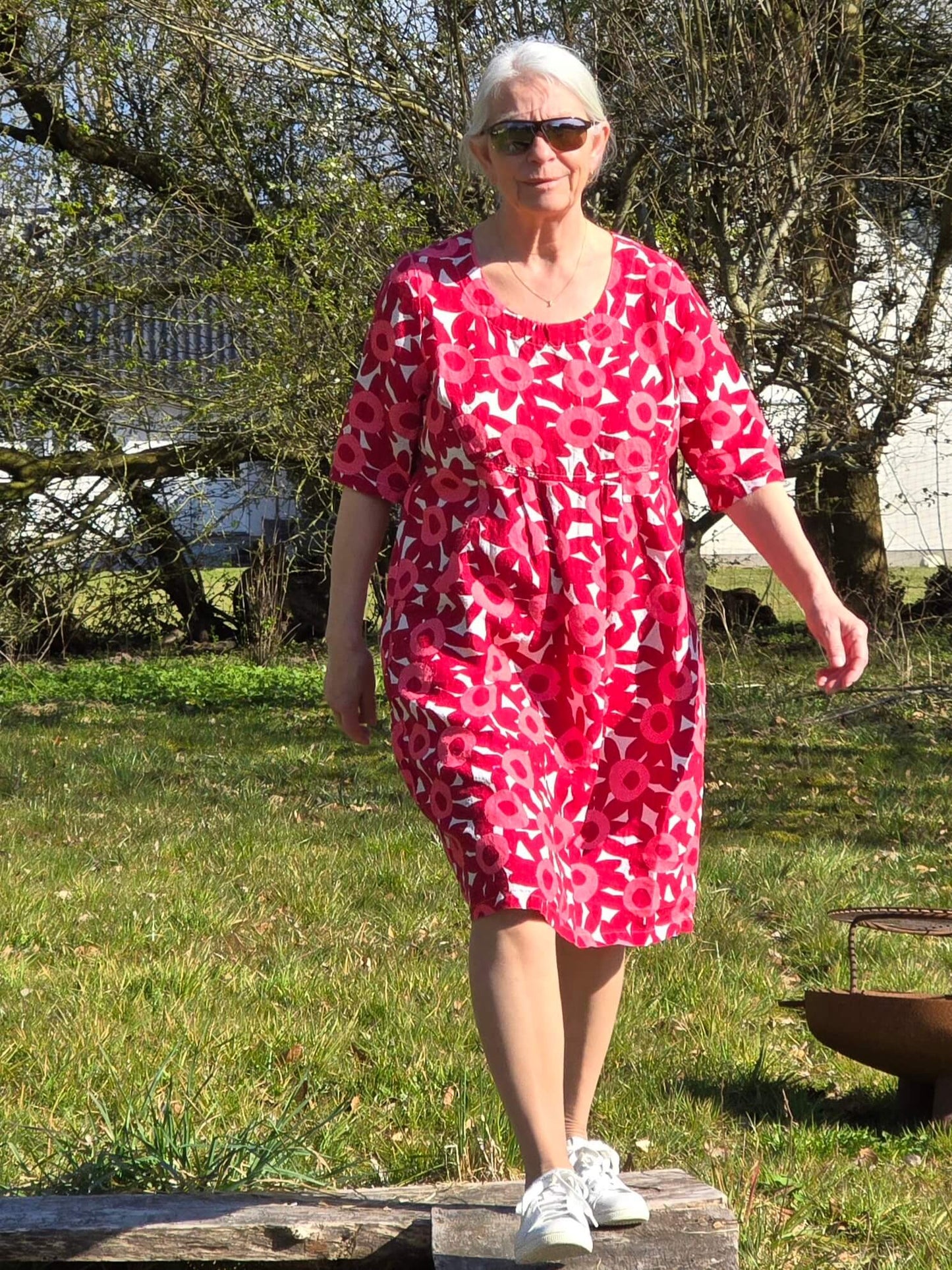 Denne kjole har rund hals, 3/4 ærmer og let ballonformet nederdel. Den er skåret over lige over taljen og tilføjet en smule rynk for mere rummelighed. Lommerne er fint placeret i en skrå overskæring.
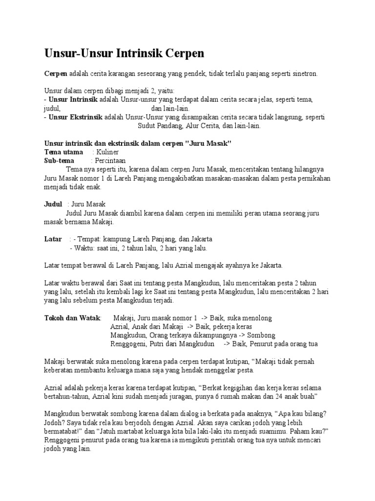 √ Sinopsis dan Membedah Struktur Teks Cerpen Juru Masak
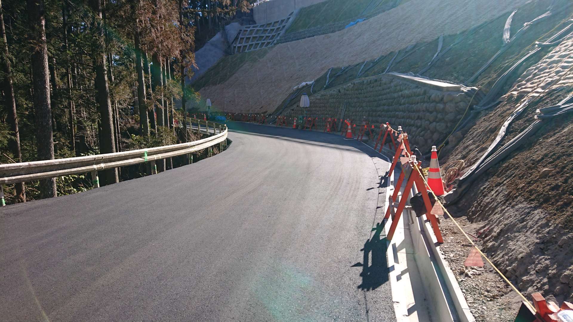 施工もきれいに仕上がり、幅員もかなり広がりました。今までは常時警備員を配置しての片側交互通行でしたが、これで普通にすれ違い出来るようになりました。
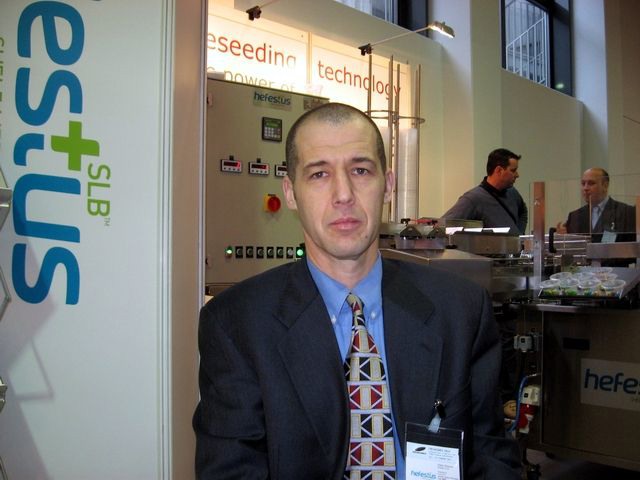 Raymond Mahieu della Smit's Uien mostra le specialita' aziendali presentate alla fiera internazionale.
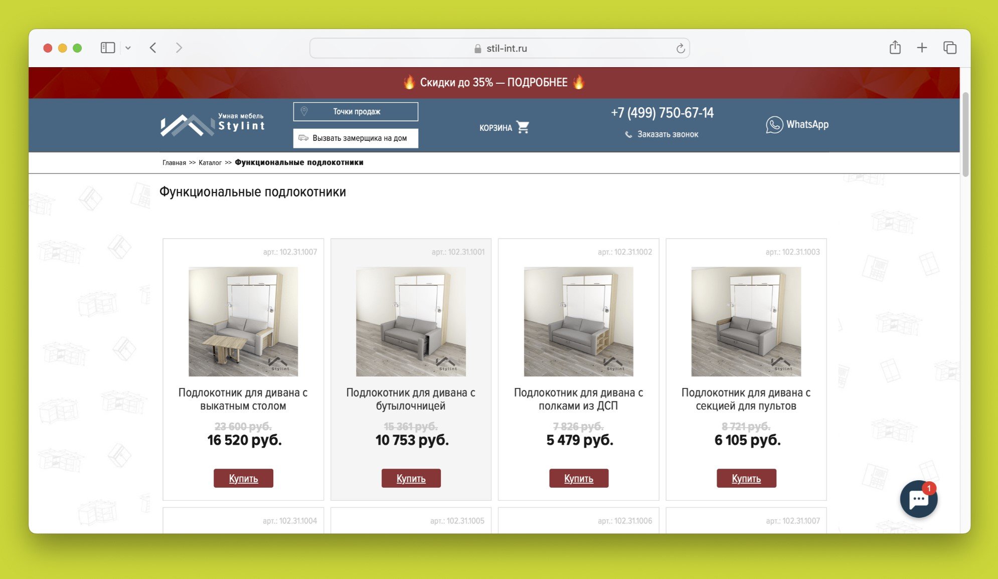 Создали сотни новых посадочных страниц, чтобы отработать запросы пользователей. Например, отдельно создали страницу с функциональными подлокотниками и еще множество посадочных под разные запросы.

» **ACTIVITY**
Without the pictures, return all the entries above exactly as they stand.

» **ANSWER SPACE**
 Denne kjole har rund hals, 3/4 ærmer og let ballonformet nederdel. Den er skåret over lige over taljen og tilføjet en smule rynk for mere rummelighed. Lommerne er fint placeret i en skrå overskæring.
 √ Sinopsis dan Membedah Struktur Teks Cerpen Juru Masak
 施工もきれいに仕上がり、幅員もかなり広がりました。今までは常時警備員を配置しての片側交互通行でしたが、これで普通にすれ違い出来るようになりました。
 Raymond Mahieu della Smit's Uien mostra le specialita' aziendali presentate alla fiera internazionale.
 Создали сотни новых посадочных страниц, чтобы отработать запросы пользователей. Например, отдельно создали страницу с функциональными подлокотниками и еще множество посадочных под разные запросы.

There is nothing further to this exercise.